Description of problem: When a pod uses a PersistentVolumeClaim, this can happen: Version-Release number of selected component (if applicable): origin-3.1.0 How reproducible: ~30%-50% Steps to Reproduce: 1. create a PV and a claim (I use Cinder volumes, but I saw it on AWS and GCE too) 2. create a pod that uses the claim 3. In a loop: 3.1 create the pod 3.2 wait until it's running 3.3 run 'kubectl describe pods' 3.4 delete it 3.5 wait until the volume is unmounted and detached from the node (this is important!) Actual results: at step 3.3, you can see it was necessary to restart the pod container(s), "kubectl describe pods" shows something like: Error syncing pod, skipping: not all containers have started: 0 != 1 Expected results: The containers start on the first try.
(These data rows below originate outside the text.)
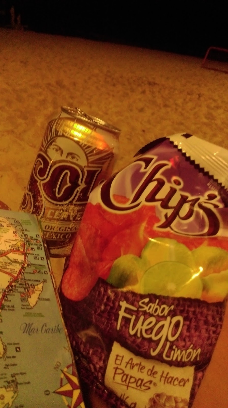 Kupujem pivicu ovaj put dobru Soli omiljeni cips od chillija i limete, izgeda da bu mi glavna hrana ovdje piva i taj cips.. ubacujem jedan nachos sa standa i sjedam na plazu…vec je debelo noc…more polako skida s mene brige i dileme…volim more.
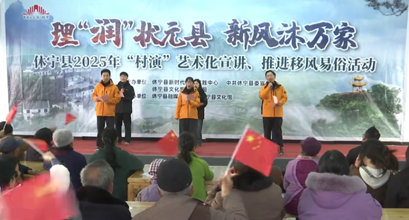 近日,以“理‘润’状元县 新风沐万家”为主题的休宁县2025年“村演”艺术化宣讲、推进移风易俗活动走进板桥乡沂川村。
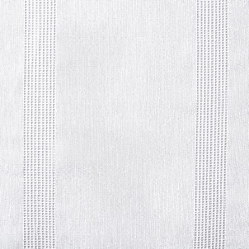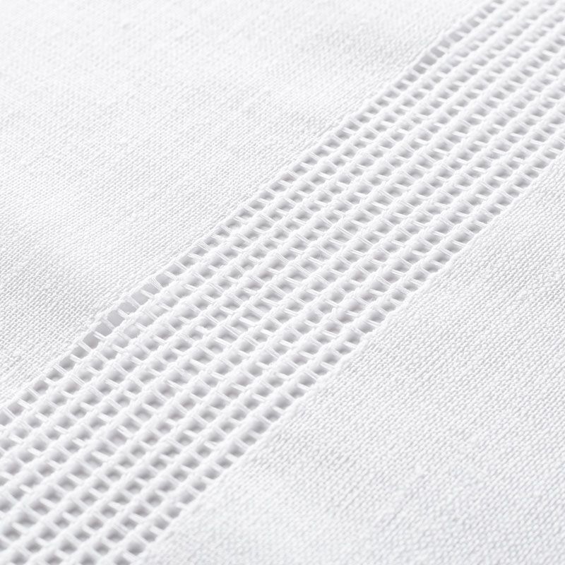 Тюль имитирующий текстуру натурального льна декорирован горизонтальной мережкой, расположенной по всей высоте ткани.
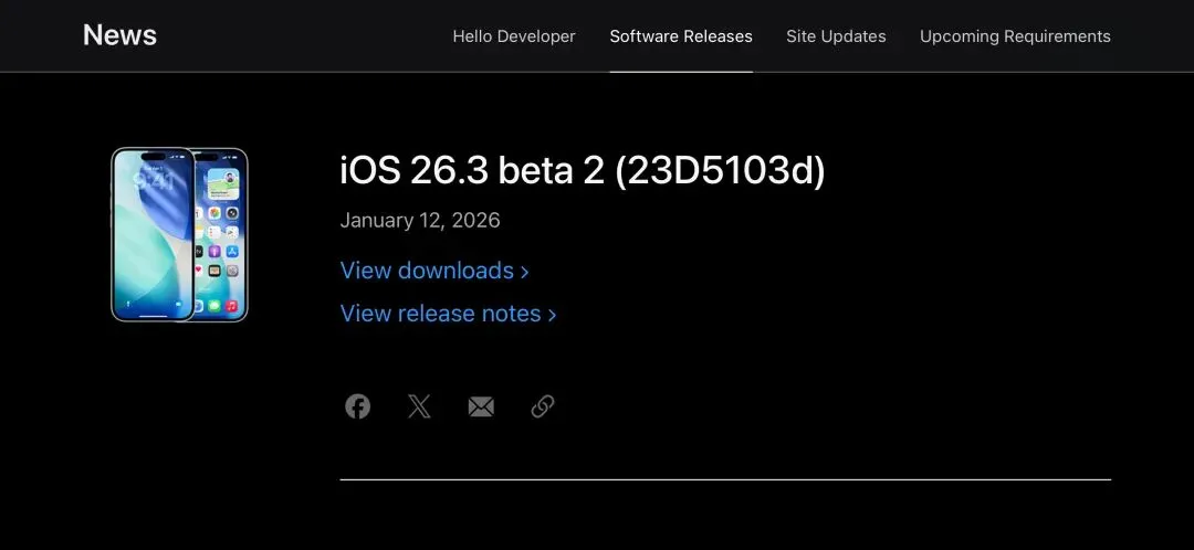 苹果 1 月 13 日推送 iOS 26.3 Beta2 版更新,同步推出的还有 iPadOS 正式版、macOS 测试版本等。
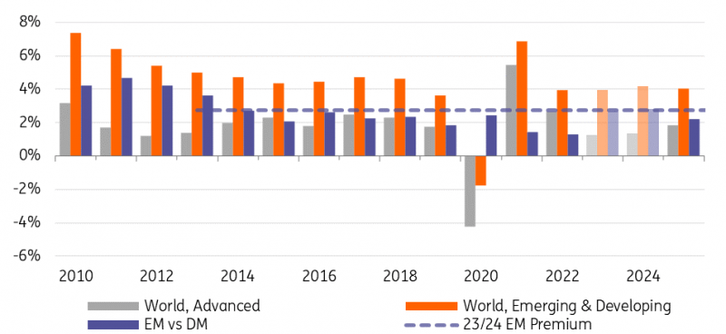 En faisant un zoom arrière, le net ralentissement de la croissance mondiale attendu en 2023 par rapport à 2022 est largement tiré par le ralentissement de la croissance des économies des DM, en particulier en Europe. Même si la croissance des marchés émergents devrait rester inférieure à celle de la majeure partie de la dernière décennie (moyenne de 4 % en glissement annuel au cours des trois prochaines années), elle devrait être plus résistante que la croissance des marchés danois. Cela signifie un avantage de croissance moyen pour les économies émergentes par rapport aux marchés développés en 2023/24 d’un peu plus de 2,7 %, le plus élevé depuis 2013.
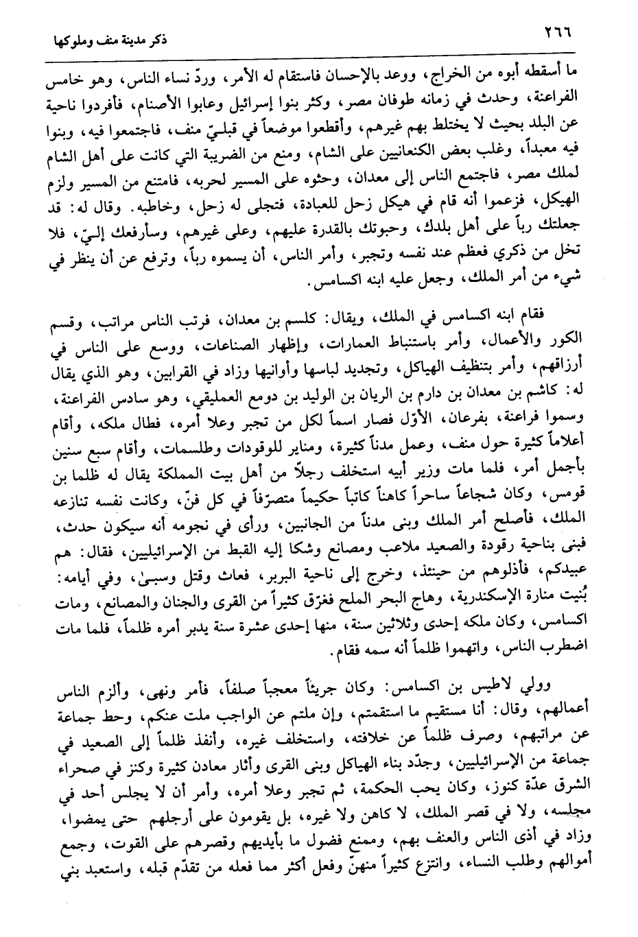 ما أسقطه أبوه من الخراج، ووعد بالإحسان فاستقام له الأمر، وردّ نساء الناس، وهو خامس الفراعنة، وحدث في زمانه طوفان مصر، وكثر بنوا إسرائيل وعابوا الأصنام، فأفردوا ناحية عن البلد بحيث لا يختلط بهم غيرهم، وأقطعوا موضعا في قبليّ منف، فاجتمعوا فيه، وبنوا فيه معبدا، وغلب بعض الكنعانيين على الشام، ومنع من الضريبة التي كانت على أهل الشام لملك مصر، فاجتمع الناس إلى معدان، وحثوه على المسير لحربه، فامتنع من المسير ولزم الهيكل، فزعموا أنه قام في هيكل زحل للعبادة، فتجلى له زحل، وخاطبه. وقال له: قد جعلتك ربا على أهل بلدك، وحبوتك بالقدرة عليهم، وعلى غيرهم، وسأرفعك إليّ، فلا تخل من ذكري فعظم عند نفسه وتجبر، وأمر الناس، أن يسموه ربا، وترفع عن أن ينظر في شيء من أمر الملك، وجعل عليه ابنه اكسامس.

Additional info: The pod is started eventually, it's just slower (~1 minute in my OpenStack setup, attaching a volume is slow...). Fix: https://github.com/kubernetes/kubernetes/pull/19600
In a conversation with Jan, we determined this is not a blocker because kubelet and the volume eventually reach the correct state. It might take a few minutes to reconcile, making it a bad UX but not a blocker.
Upstream PR is merged. Awaiting rebase into Origin.
In case there is no rebase I filled Origin PR: https://github.com/openshift/origin/pull/7107
Origin PR merged
Verified with openshift v1.1.2-260-gf556adc kubernetes v1.2.0-origin etcd 2.2.2+git The issue described here is not reproducible, moving to verified.